Consider the following linear system
$$\pmatrix{1&4&7\\2&5&8\\3&6&9} \pmatrix{x_1\\x_2\\x_3} = \pmatrix{0\\0\\0}$$
A solution is $x_1 = 1$, $x_ 2=-2$ and $x_3=1$. However, matrix $A$ is singular, which should make this equation unsolvable, but clearly
$$x= \pmatrix{1\\-2\\3}$$
is a solution. How is it possible for there to exist solution when the inverse of matrix $A$ cannot even exist?
On
If it singular, why do you think that it has no solution ? It will have infinitely many solutions. All element of $$\{(x,-2x,x)\mid x\in\mathbb R\}=\text{Span}\{(1,-2,1)\},$$ is a solution. By the way, the vector $(1,-2,3)^T$ is not a solution.
On
Recall, or correct the idea you have, maybe:
The system of equations will have non-trivial solutions (that is not all $x_1,x_2,x_3$ are zeros) if the coefficient matrix is singular.
In this case, the coefficient matrix is singular, and therefore it has a non-trivial solution, that is $x_1=1, x_2=-2, x_3=3$.
Quite on the contrary, the fact that $A$ is singular implies that such a solution exists.

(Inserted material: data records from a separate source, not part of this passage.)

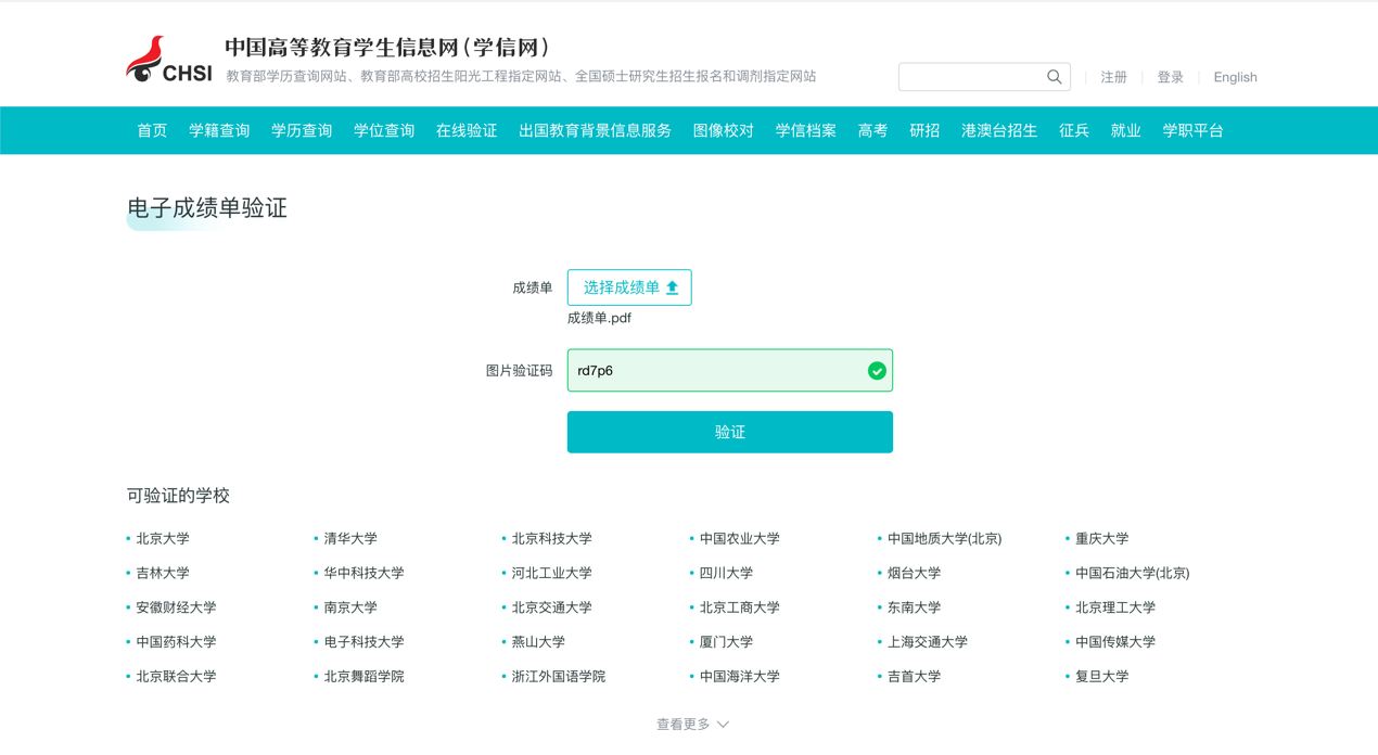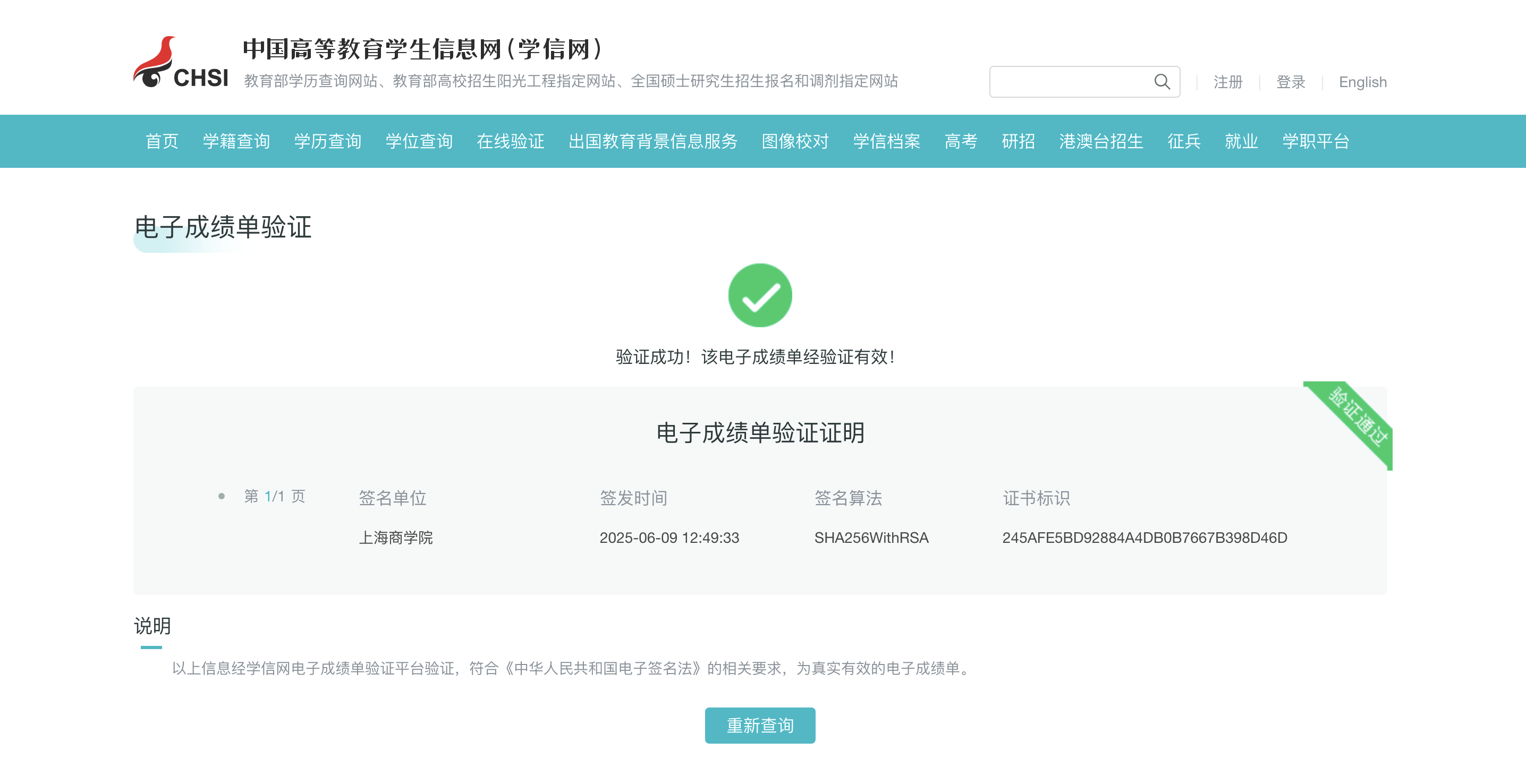 学信网:在学信网“电子成绩单验证”功能进行校验。地址:https://www.chsi.com.cn/cjdyz/index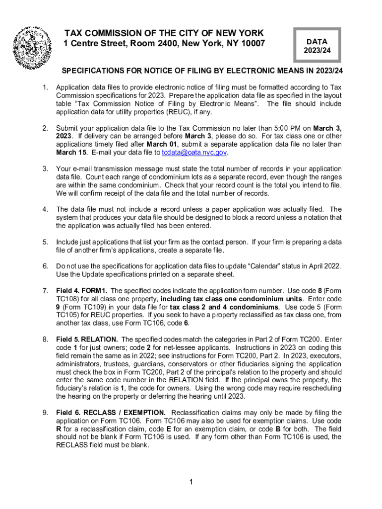 TAX COMMISSION OF THE CITY OF NEW YORK 1 Center Street, Room 2400, New York, NY 10007DATA 2023/24SPECIFICATIONS FOR NOTICE OF FILING BY ELECTRONIC MEANS IN 2023/24 1. Application data files to provide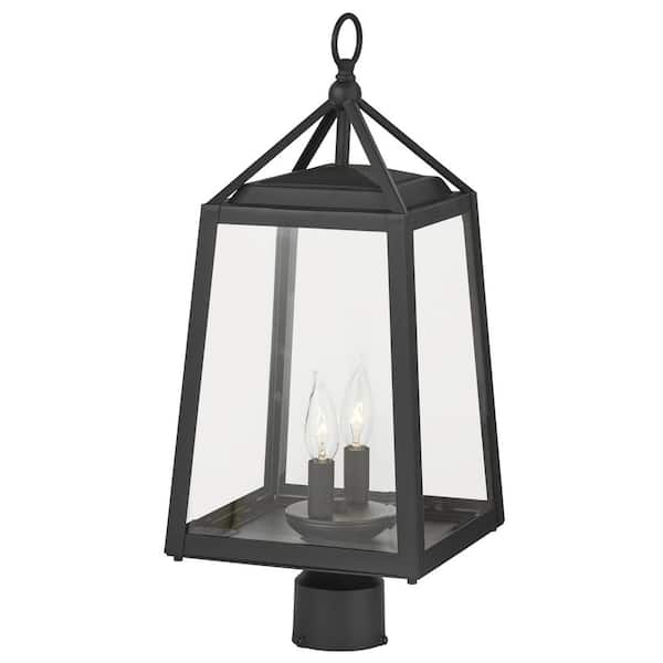 Blakeley Transitional 2-Light Black Outdoor Lamp Post Light Fixture with Clear Beveled Glass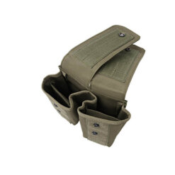 The pouch is made od nylon fiber. The mount is compatible with the MOLLE system’s standard PALS webbing. The pouch holds 2/4 x AK type magazines, 4/6 x M4/M16 magazines (STANAG) or 2 x G36 magazines and is also equipped with an additional inner divider. The dimensions of a single pouch is as follows: 160x70x65mm. The flaps are closed with the use of hooks&loops and fasteners. Color: olive (it looks lighter in the picture)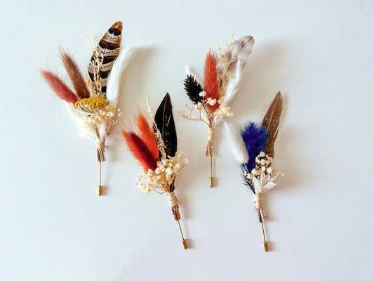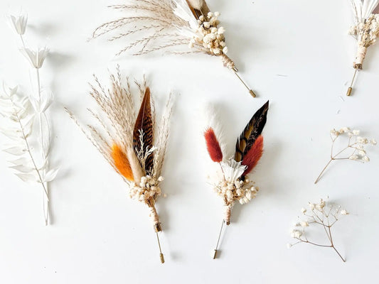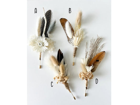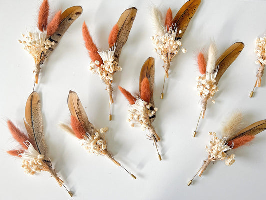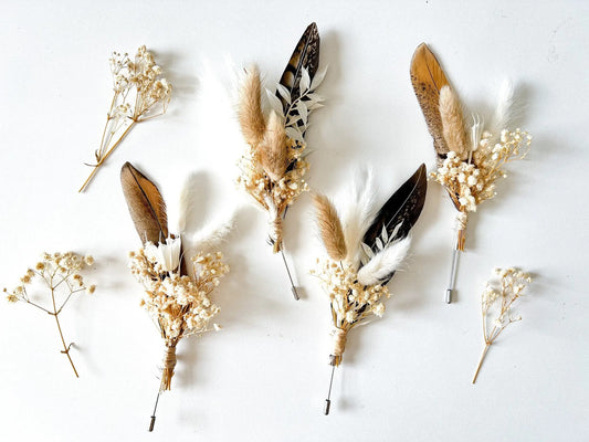 Boho Wedding Boutonnieres, Neutral Dried Flower Boutonniere, Boho Fall Wedding Flowers, Boutonniere Set, Pheasant Feather, Choose Your Style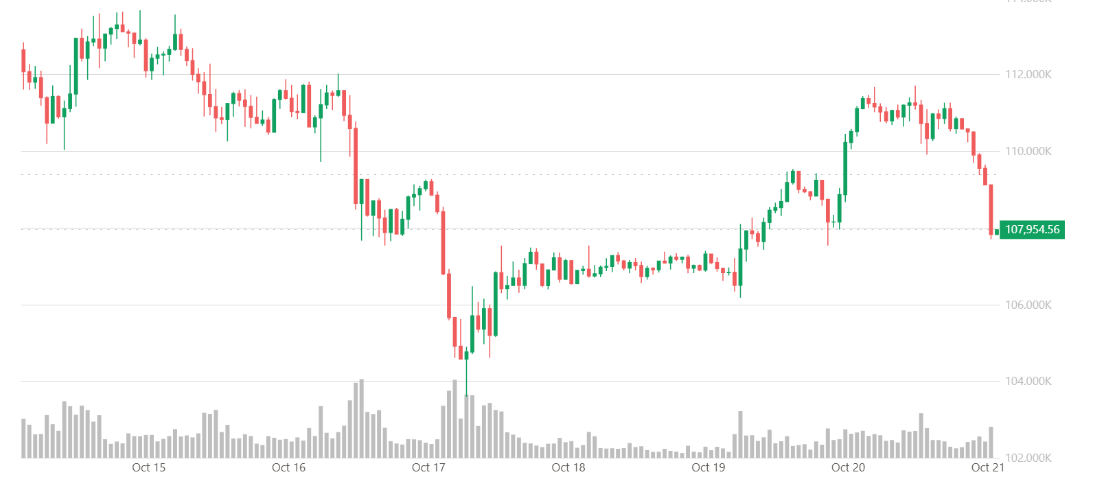 FX168财经报社(亚太)讯 比特币在经历近期回调后试图趋稳,周二(10月21日)亚洲时段交投重拾跌势下滑至11万下方,以太坊在4000美元下方加速走低。与此同时,尽管散户投机降温,机构兴趣仍然强劲。#比特日报#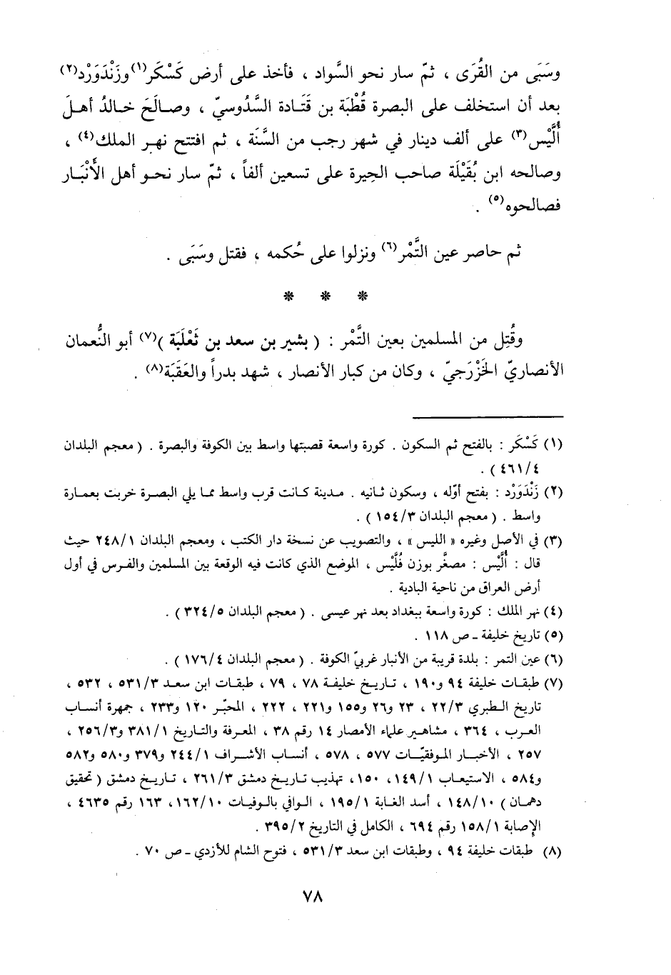 [8] طبقات خليفة 94، وطبقات ابن سعد 3/ 531، فتوح الشام للأزدي- ص 70.

Let $M$ be another matrix, and let's suppose that $M$ is non-singular, i.e. $M$ admits an inverse, $M^{-1}$. Suppose now you want to solve the same equation with $M$. $$Mx=0\iff x=M^{-1}0\iff x=0$$
You'll find nothing but $\left(\begin{array}{c} 0\\0\\0\\\end{array}\right)$.
EDIT
I put here a solution of the system. $$\pmatrix{1&4&7\\2&5&8\\3&6&9} \pmatrix{x_1\\x_2\\x_3} = \pmatrix{0\\0\\0}$$ which means $$\pmatrix{x_1+4x_2+7x_3\\2x_1+5x_2+8x_3\\3x_1+6x_2+9x_3} = \pmatrix{0\\0\\0}$$ (I just perform the matrix product on the left). Substract the first line from the second line we get $x_1+x_2+x_3=0$. Substitute $x_3=x_1+x_2$ into the three equations we get $x_2=-2x_1$. Then we verify that all vectors of the form $(x_1,-2x_1,x_1)$ are solutions of this system.